**Required work**
Leave out the pictures and reproduce all of the data exactly.

[Stored items]
══════════

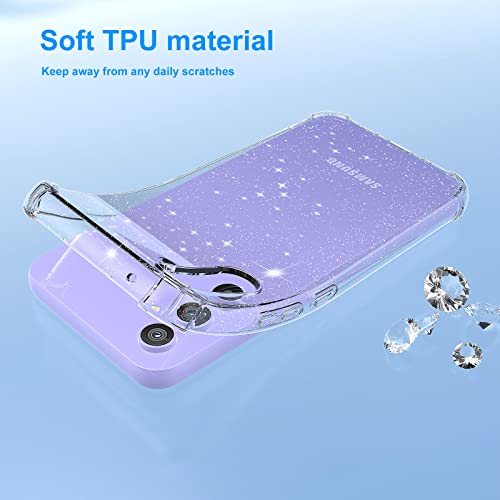 YIRSUR Cover per Samsung Galaxy A54 5G Glitter, con 3 Pezzi Vetro Temperato Pellicola Protettiva, Trasparente Glitter Custodia Protettiva Antiurto con Paraurti in TPU Morbida
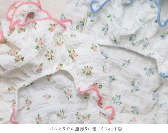 伸縮性があり、くしゅっとして凹凸のある生地はやさしい肌あたり。
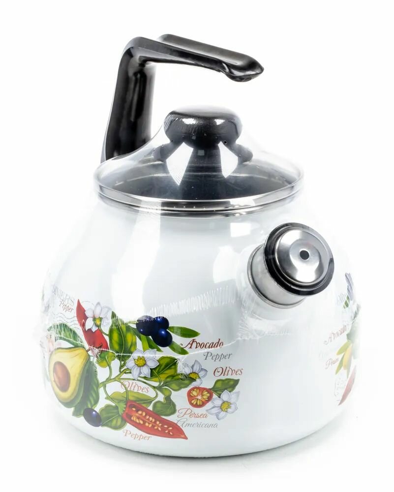 Чайник эмалированный со свистком СтальЭмаль Вкусный компот, 3 л
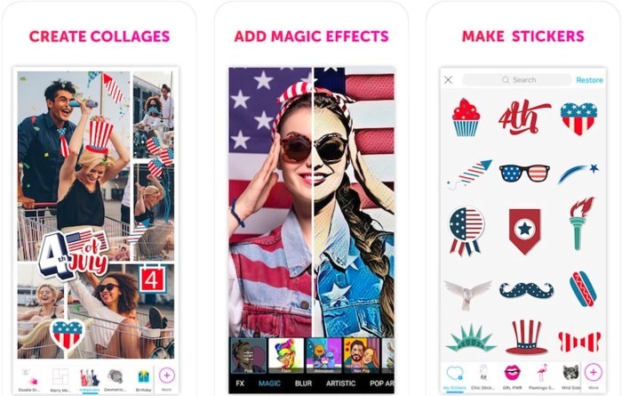 PicsArt Photo Editor & Collage: Đây là một ứng dụng chụp ảnh và chỉnh sửa ảnh tất cả trong một có sẵn các công cụ như hiệu ứng trực tiếp, trình tạo ảnh ghép, trình chỉnh sửa ảnh…Ngoài ra, bạn có thể tạo các hình dán được cá nhân hóa theo phong cách của riêng bạn ngoài việc sử dụng các clip nghệ thuật và các công cụ vẽ sẵn có.
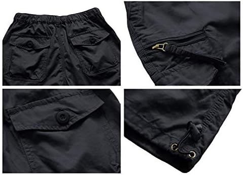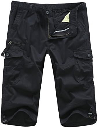 EKLENTSON Men’s Casual Twill Elastic Cargo Shorts Below Knee Loose Fit Multi-Pocket Capri Long Shorts

══════════

**Solved problem**
 YIRSUR Cover per Samsung Galaxy A54 5G Glitter, con 3 Pezzi Vetro Temperato Pellicola Protettiva, Trasparente Glitter Custodia Protettiva Antiurto con Paraurti in TPU Morbida
 伸縮性があり、くしゅっとして凹凸のある生地はやさしい肌あたり。
 Чайник эмалированный со свистком СтальЭмаль Вкусный компот, 3 л
 PicsArt Photo Editor & Collage: Đây là một ứng dụng chụp ảnh và chỉnh sửa ảnh tất cả trong một có sẵn các công cụ như hiệu ứng trực tiếp, trình tạo ảnh ghép, trình chỉnh sửa ảnh…Ngoài ra, bạn có thể tạo các hình dán được cá nhân hóa theo phong cách của riêng bạn ngoài việc sử dụng các clip nghệ thuật và các công cụ vẽ sẵn có.
 EKLENTSON Men’s Casual Twill Elastic Cargo Shorts Below Knee Loose Fit Multi-Pocket Capri Long Shorts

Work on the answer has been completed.